David Freer on Politics in SF

David Freer over at Mad Genius Club has an interesting essay up called The Winter of our discontent that is worth a read. He delves into the strange political realities found in publishing today and it is well worth the read. He also senses a change a foot and I hope he is right.

We’ve been cursed to live interesting times. Times in which we are assured there is a right side of history. Usually we’ve managed to get onto her wrong side, which is also her right side, it seems. It’s a very confusing situation, even if you’re not as dim-witted as moi, your local furry-pated simian.

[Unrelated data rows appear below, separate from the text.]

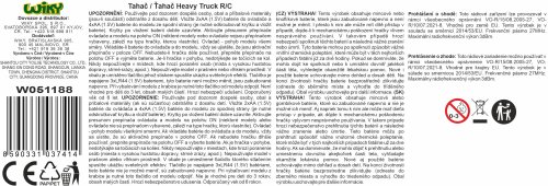 Ťahač Heavy Truck svietiaci RC na diaľkové ovládanie. Rozmery 23,5x11x11 cm. Frekvencia 27MHz. Svetelné efekty povrchu ťahača. 4xAA batérie do ťahača, 2xAA do ovládača nie sú súčasťou. Try Me tlačidlo pre svetelné efekty v obale - 3xAG13 batérie (nemeniteľné) súčasťou. Pri vybaľovaní je nutné odpojiť Try Me kábel z ťahača. Rýchlosť 10 km/h. Dosah až 20 m. Prepínač ON/OFF na spodnej strane ťahača.
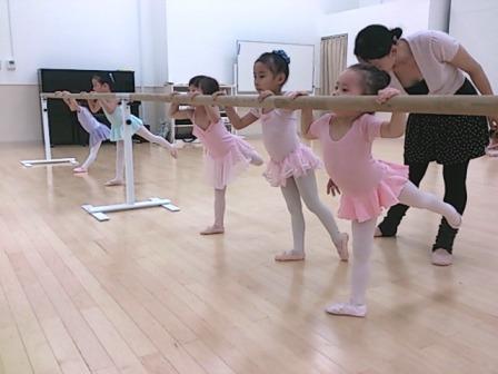 バーレッスンは、一度に全員がバーに入りきらないので2グループに分かれてやりました。
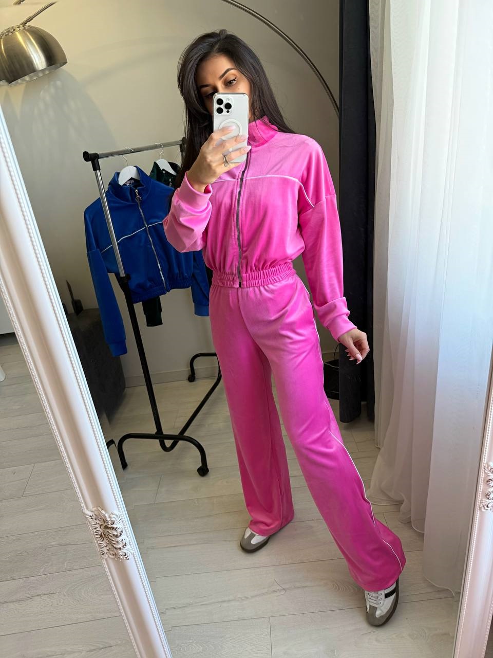 Велюровый костюм со вставкой канта (кофта на молнии+по низу резинка+брюки свободного кроя) розовый
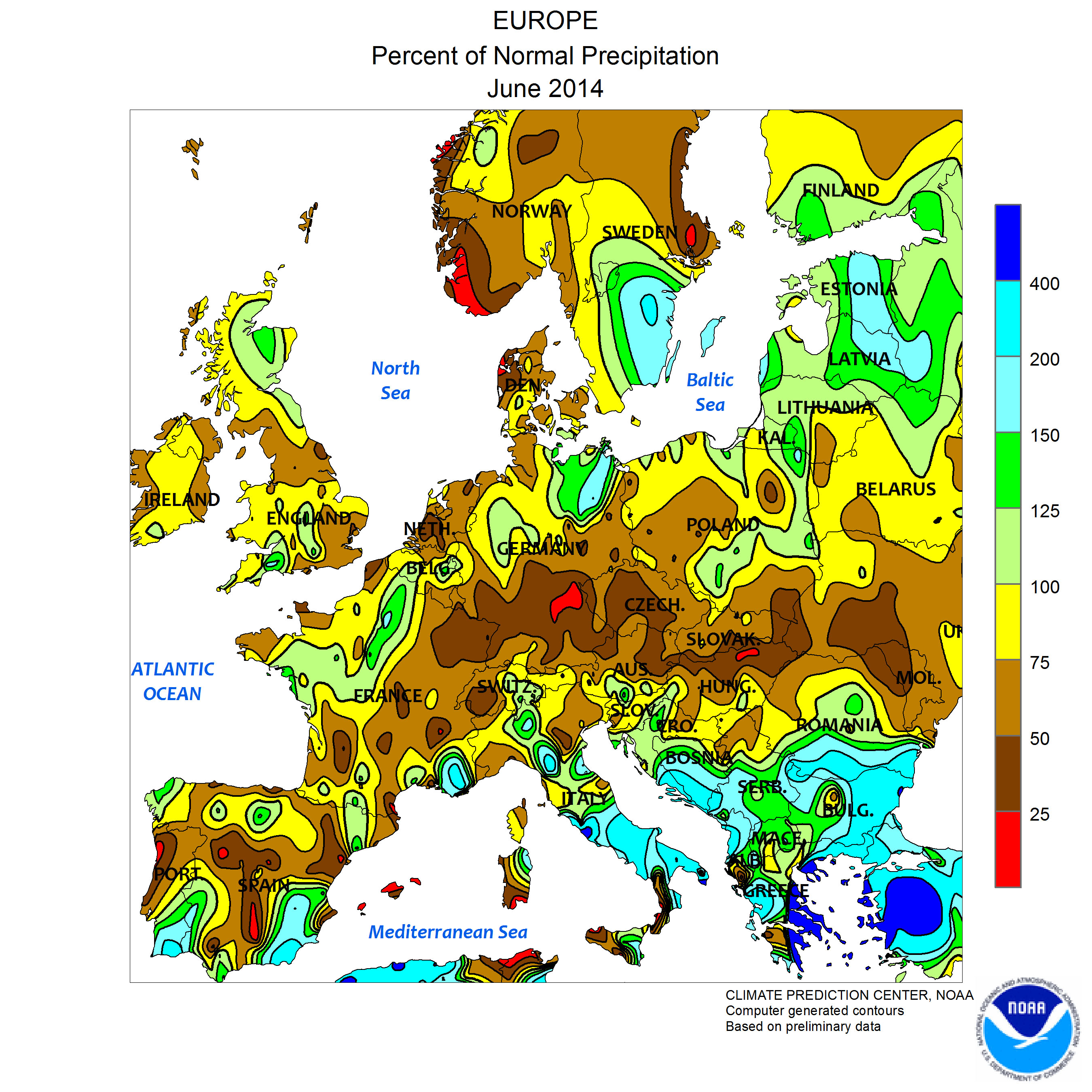 anomalie de température forte sur une Europe occidentale restée globalement sèche
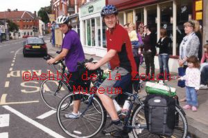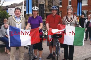 "Home to Rome" cycle challenge for the "Wishes for Kids" charity, undertaken by former mayor Richard Bebbington & his wife Angela, leaving Market Street (war memorial in background). Being seen off by friends, family and District Council Chairman Geraint Jones, and Ashby town mayor, Gill Hoult. 18th August 2013.

The world is changing very fast. There is a sort of inverse law in this: when the King/President/Emperor/ Pope, the establishment politicos start telling you something is definitely going the way the PTB have been pushing it… You can bet the tide is running the other way. Historically the shrillness is inversely proportional to facts and the zeitgeist. When they tell you the sun never sets on British Empire (yes I know that meant it was around the world) it’s about to go down. When Neville Chamberlain tells you it’s peace in our time, you know that just ain’t going to be so. It’s obvious to anyone that economic and social factors are running us towards a change. History will be history, and although written by the victors (and later revised by the next victors), its sides will change. As a reaction to the Charlie Hebdo atrocities by Muslim terrorists… we have various Left wing SJW people telling us that it’s the victims fault and that really we need not to protect freedom of speech, but to stop nasty homophobic racists offending Muslims (who, um do quite well at homophobic racism, but it’s un-PC to point this out). And lo, some governments seem to be thinking about going along with them.

At which point someone of my acquaintance said ‘why don’t these lefties learn, instead of doubling down?’

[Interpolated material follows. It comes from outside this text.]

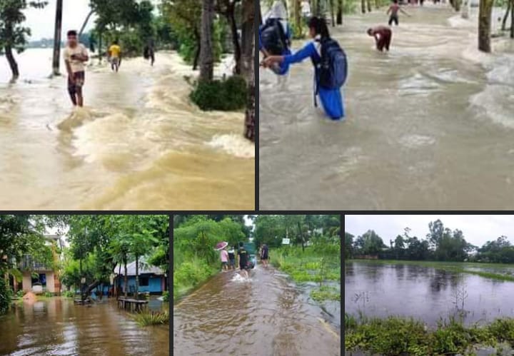 কয়েক দিনের ভারি ভর্ষণে তলিয়ে গেছে পুরো নোয়াখালী। ৯টি উপজেলার সবকটিতেই বসতঘর, গ্রামীণ সড়ক ও শিক্ষাপ্রতিষ্ঠান বন্যার পানিতে তলিয়ে গেছে। পানিবন্দি হয়ে পড়ছে লাখ লাখ মানুষ। এতে লোকজনের মধ্যে বন্যার আতঙ্ক দেখা দিয়েছে। খাল উদ্ধার ও পানি নিষ্কাশনে সেনাবাহিনীর সহযোগিতা চান স্থানীয়রা।জানা গেছে, টানা এক সপ্তাহের ভারি বর্ষণে জলাবদ্ধতা দেখা দিয়েছে পুরো নোয়াখালী জেলাজুড়ে। জেলার সদর, সেনবাগ, সোনাইমুড়ী, চাটখিল, বেগমগঞ্জ, কবিরহাট, কোম্পানীগঞ্জ, সুবর্ণচর উপজেলার বেশিরভাগ নিচু এলাকা প্লাবিত হয়েছে। এতে সীমাহীন ভোগান্তির মধ্যে পড়েছেন এসব উপজেলার বাসিন্দারা। বৃষ্টির পানিতে ডুবে গেছে আমন ধানের বীজতলা, শাক-সবজি। এছাড়া মাঠে পানি বেশি থাকায় অনেক এলাকার কৃষক খেতে আমন লাগাতে পারছেন না। জলাবদ্ধতায় আটকে আছে ২০ লাখ মানুষ। ডুবে গেছে সড়ক, বাসাবাড়িতেও ঢুকছে পানি। পানি নিষ্কাশন ব্যবস্থা ভালো না হওয়ায় দীর্ঘ সময়ের ব্যাপক জলাবদ্ধতায় চরম দুর্ভোগে পড়তে হচ্ছে নোয়াখালীবাসীর। সেনাবাহিনীর সহযোগিতায় দ্রুতই জলাবদ্ধতা নিরসনে কার্যকর পদক্ষেপ নেওয়ার দাবি জানান পানিবন্দি মানুষজন।আবহাওয়া অফিস বলছে, সোমবার ভোর ৬টা থেকে মঙ্গলবার সকাল ৬টা পর্যন্ত ১৭৪ মিলিমিটার বৃষ্টি হয়েছে। দিনেও বৃষ্টি অব্যাহত রয়েছে।জেলার সদর উপজেলার পশ্চিম চর উরিয়ার বাসিন্দা রেজাউল হক বলেন, টানা কয়েক দিনের ভারি বর্ষণে বাড়ির চারপাশে পানি ওঠে গেছে। ডুবে গেছে চলাচলের রাস্তা। গতরাতের টানা বৃষ্টিতে পানি এখন রান্না ঘরে ঢুকে গেছে। বাড়ির কেউই ঘর থেকে বের হতে পারছেন না। ফলে চরম দুর্ভোগ দেখা দিয়েছে।স্থানীয়রা জানায়, শহরের সব রাস্তা পানির নিচে তলিয়ে গেছে। মানুষের বাসার ভিতরে পানি থৈ থৈ করছে। এতে মানুষ বাসা থেকে বের হতে পারছেন না। রাস্তা ফাকা হয়ে গেছে। যার কারণে কোন যাত্রী পাচ্ছি না। বাড়িতেও পরিবারের লোকজন পানিবন্দি রয়েছে। কিভাবে বাঁচবো, কিছুই বুঝতে পারছি না।কোম্পানীগঞ্জ উপজেলার বাসিন্দা সাহাব উদ্দিন বলেন, রাস্তাঘাট ডুবে এখন মানুষের বসতঘরে পানি ঢুকে গেছে। মাছের ঘেরসহ সব ভেসে গেছে। এত পানি আগে দেখিনি। বৃষ্টি হলে পানি নেমে যায় কিন্তু এবার পানি নামছে না। পানিবাহিত অসুখ বেড়েই চলছে।কবিরহাট উপজেলার বাসিন্দা রুবেল বলেন, হাঁটু পানি দিয়ে আমাদের চলাফেরা করতে হচ্ছে। বিভিন্ন জায়গায় অবৈধভাবে বাধ দিয়ে মাছের ঘের করেছে প্রভাবশালীরা। খাল দখল করে অবৈধ স্থাপনা নির্মাণ করা হয়েছে। কোথা কোথা খাল দখল করে বাড়িঘরও নির্মাণ করা হয়েছে। যার কারণে পানি নামছে না। সেনাবাহিনী এসব অবৈধ স্থাপনা ভেঙ্গে দিয়ে খাল পরিষ্কার করে দিলে জলাবদ্ধতা থাকতো না।সেনবাগ উপজেলার বাবুপুর গ্রামের আ
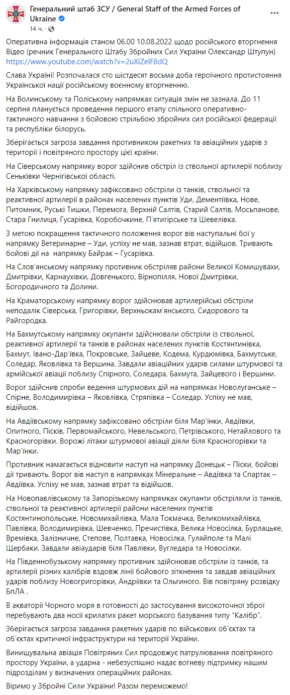 Данные Генштаба ВСУ: Наибольшие потери противник понес на Донецком направлении. Общие боевые потери противника с 24.02 по 10.08 ориентировочно составили:

My answer (and be patient, this does apply to writing), is that it’s actually not just lefties. It’s a power problem. At the moment, that’s pretty left wing. Those in power tend to be surrounded by sycophants, live in their little bubble. Some of course are devout believers in their own rightness. Others are just so used to winning without any effort always they’ve forgotten the possibility of losing. It’s been their way or the highway as long as they can remember. Nowhere has these been more true than in traditional publishing and among their camp-followers.

It started to change in socio-politics a while back. Looking back, 2007 was probably the apogee. In publishing it might have been two or three years later (publishing trails, it does not lead much). But there have been many canaries in the coal mines whose singing has gone silent in the last while. The key with pendulums is to remember the higher you push them, the harder they swing back.

I don’t really care where you sit on the political spectrum, what is happening in sf/fantasy needs the brakes put on that pendulum. Over the years there have been some great writers from across the spectrum, and we’re all poorer for losing that. Yet that’s exactly what has happened. I’d hard put to put an exact date on it, but when the Hugo and Nebula awards slipped over into being entirely left wing, and gradually further and further left-wing. Always remember: there is no concrete reason why SF/Fantasy (in English) readers should not largely reflect the reading population of the English first language countries. Now, there are some reasons why certain parts of that spectrum don’t read. They might be too dumb, or have cultural objections to it. But broadly speaking if readers do not reflect the demographics of the EFL countries… we need to know why. The writers are product of the readers, therefore they will always follow the reading trend. If it’s not there: you’re losing some great writers, and also the money their reader section represents. If you have to ‘lose’ anyone make sure it is a small group, but there is no real reason for that. It’s a numbers game for us readers (and for writers, as a result). If sf becomes more popular… there will be more of it, and more means more good stories will emerge. Which is something that everyone (regardless of creed, color, political persuasion or sexual orientation) who loves sf/fantasy should want. Political affiliation is something we know a lot about the numbers of supporters of. It isn’t 99% left, let alone hard left. Actually the hard-core supporters of either right or left are a minority, in roughly equal numbers, and there is a large ‘floating’ pool. As has been displayed, repeatedly, political parties can come from nowhere (Nazis, Communists both provide recent examples) and capture that floating pool. Centrists or ‘I don’t care or like any of the candidates’ win the majority of elections, except when they’re caught up by a sudden change. Yet this is not reflected in the awards for the last twenty years or so. They are ludicrously improbably all far left.